The court further observed that the Proposal forms are a significant part of the disclosure procedure and warrant accuracy of statements. The court also reiterated that there is a clear presumption that any information sought for in the proposal form is material for the purpose of entering into a contract of insurance. It said:
"Utmost care must be exercised in filling the proposal form. In a proposal form the applicant declares that she/he warrants truth. The contractual duty so imposed is such that any suppression, untruth or inaccuracy in the statement in the proposal form will be considered as a breach of the duty of good faith and will render the policy voidable by the insurer. The system of adequate disclosure helps buyers and sellers of insurance policies to meet at a common point and narrow down the gap of information asymmetries. This allows the parties to serve their interests better and understand the true extent of the contractual agreement"
Restoring the order of dismissal of complaint by the District Commission, the bench observed:
"In the present case, the insurer had sought information with respect to previous insurance policies obtained by the assured.

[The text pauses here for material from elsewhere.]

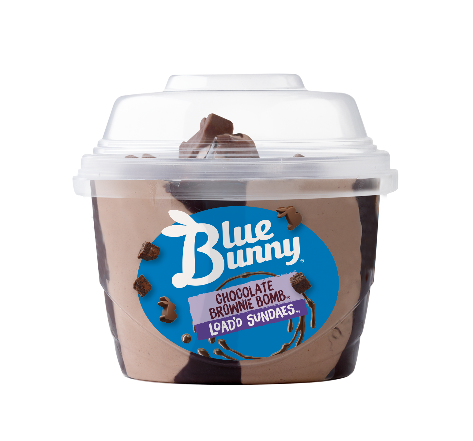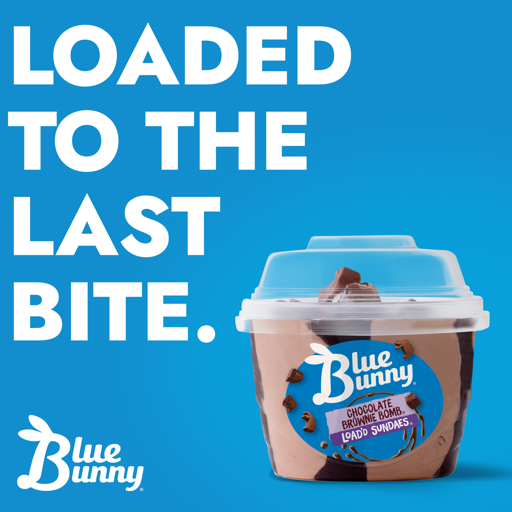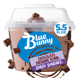 Now available in a 5.5 fl oz fun-sized cup! Indulge in the swirls and mix-ins packed into every spoonful of Blue Bunny Load'd Sundaes Chocolate Brownie Bomb Frozen Dairy Dessert. This one-of-a-kind sundae cup is loaded to the max with sundae toppings, so there's never a boring bite. Soft chocolate frozen dairy dessert is swirled through with ooey gooey chocolatey fudge, mixed with fudge brownie pieces and chocolatey fudge bunnies. It's a spoon-ready sundae experience straight from your freezer that is a chocolate lover's dream. What are you waiting for? Indulge in these portable, fully loaded frozen treats wherever you go. At work, in the car, on the couch—pretty much every place is more fun with these frozen desserts. Blue Bunny Load'd Sundaes come in compact, single-serve dessert cups, so it's easy to stock your freezer with all flavors of these sweet snacks. Blue Bunny—We Make Fun.

The duty of full disclosure required that no information of substance or of interest to the insurer be omitted or concealed. Whether or not the insurer would have issued a life insurance cover despite the earlier cover of insurance is a decision which was required to be taken by the insurer after duly considering all relevant facts and circumstances. The disclosure of the earlier cover was material to an assessment of the risk which was being undertaken by the insurer. Prior to undertaking the risk, this information could potentially allow the insurer to question as to why the insured had in such a short span of time obtained two different life insurance policies. Such a fact is sufficient to put the insurer to enquiry."